Is it possible that high CTGF levels combined with low VEGF levels after anti-VEGF treatment also increase the risk of fibrotic complications after vitrectomy? During surgery, fibrovascular membranes are peeled and the vitreous, and thereby the pool of growth factors, is removed. However, in the time interval between bevacizumab and vitrectomy VEGF but not CTGF is inactivated, and thus CTGF may well induce fibrotic responses in the retina or the vitreoretinal surface. As an example, two patients in the bevacizumab 1 group developed TRD after vitrectomy. These cases had the two highest CTGF levels and CTGF/VEGF ratios that we encountered. In comparison, a PDR patient with comparable CTGF levels and degree of fibrosis, but without anti-VEGF treatment and therefore a lower CTGF/VEGF ratio, did not develop fibrotic complications postoperatively. This suggests that a high CTGF level in combination with low levels of VEGF after bevacizumab, even for a short period of time, is a risk factor for the development of (late) postoperative fibrotic complications.

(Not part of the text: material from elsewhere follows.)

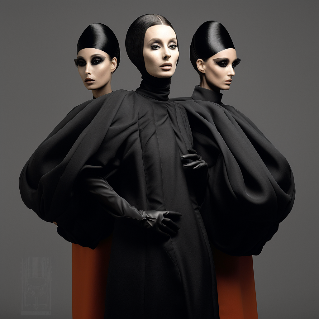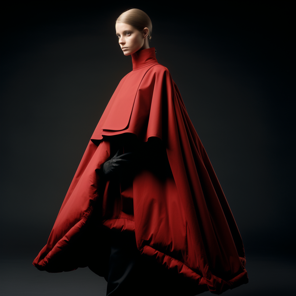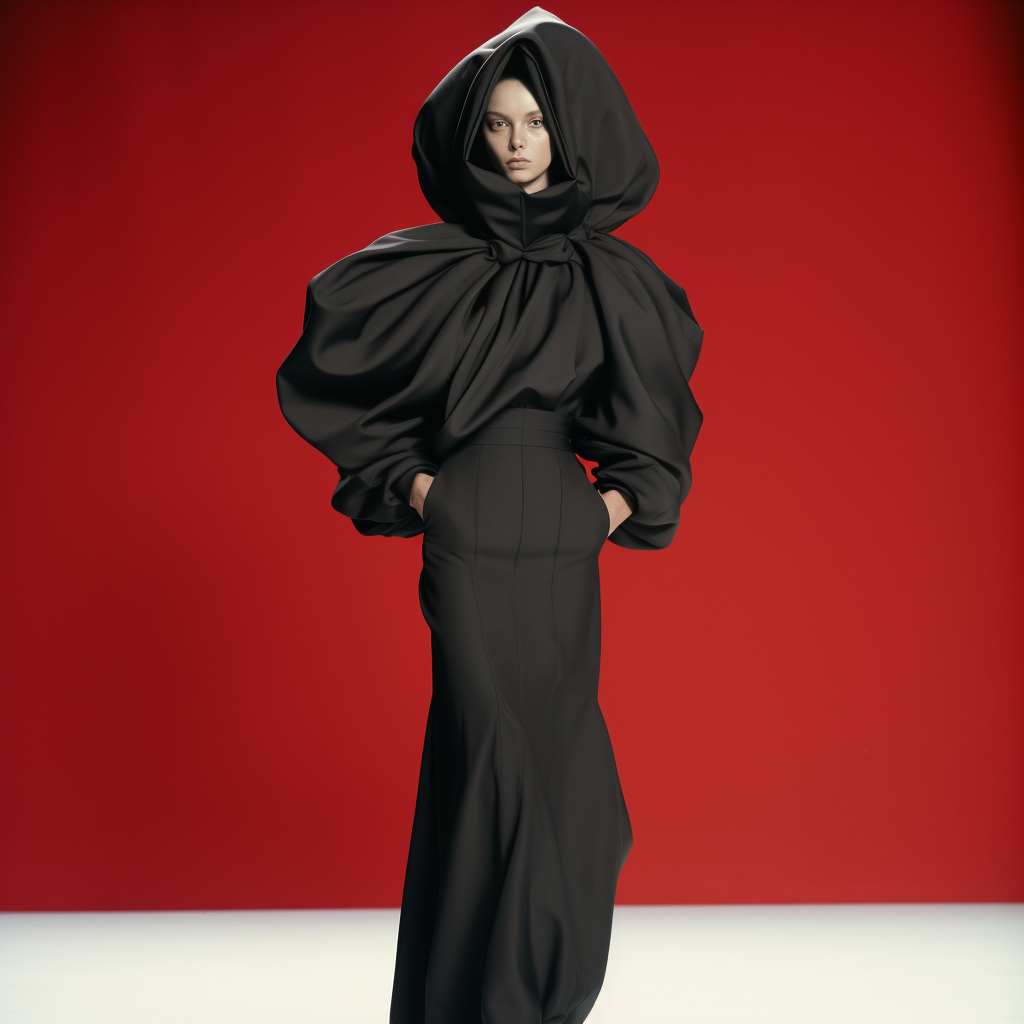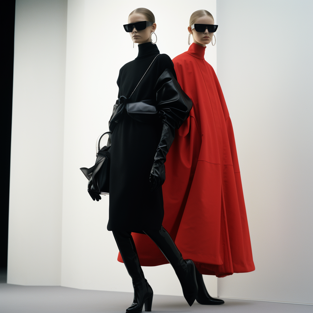 Кристобаль Баленсиага всегда считался чуть ли не главным новатором индустрии. Баскский дизайнер не боялся экспериментировать с кроем и представлял миру абсолютно новые идеи. К примеру, именно он придумал юбку-баллон (о которой сейчас мечтает каждая девушка), предложил носить вещи с рукавами ¾ и создал знаменитое пальто-кокон. Нынешний креативный директор Balenciaga Демна Гвасалия очень тонко чувствует ДНК-бренда и нередко обращается к архивным творениям мэтра. Поэтому получившийся результат нейросети немного напоминает настоящие коллекции.

Anti-VEGF therapy is directed at the angiogenic stimulus for retinal neovascularisation and its introduction has made a significant advance in the management of PDR. However, retinal fibrosis can develop or progress as a consequence. Therefore, the development of adjuvant therapy targeted against pathways other than the angiogenic pathway may be required in combination with anti-VEGF therapy. Our present study and other studies in various organs and conditions
4
26 have identified CTGF and in particular the CTGF/VEGF ratio in vitreous as markers of fibroproliferative disease. Targeting of the fibrotic pathway with anti-CTGF therapy may be an attractive option in combination with anti-VEGF treatment to prevent the angiofibrotic switch in PDR patients and other diseases with ocular angiogenesis.
In conclusion, we confirmed that CTGF levels and in particular the CTGF/VEGF ratio in vitreous are associated with vitreoretinal fibrosis in PDR. These findings support our working model that the balance of VEGF and CTGF in the vitreous in PDR drives the course of the disease, in particular the angiofibrotic switch. As predicted by this model, anti-VEGF therapy shifts the CTGF/VEGF ratio causing the angiofibrotic switch, which may lead to harmful accelerated fibrosis in PDR.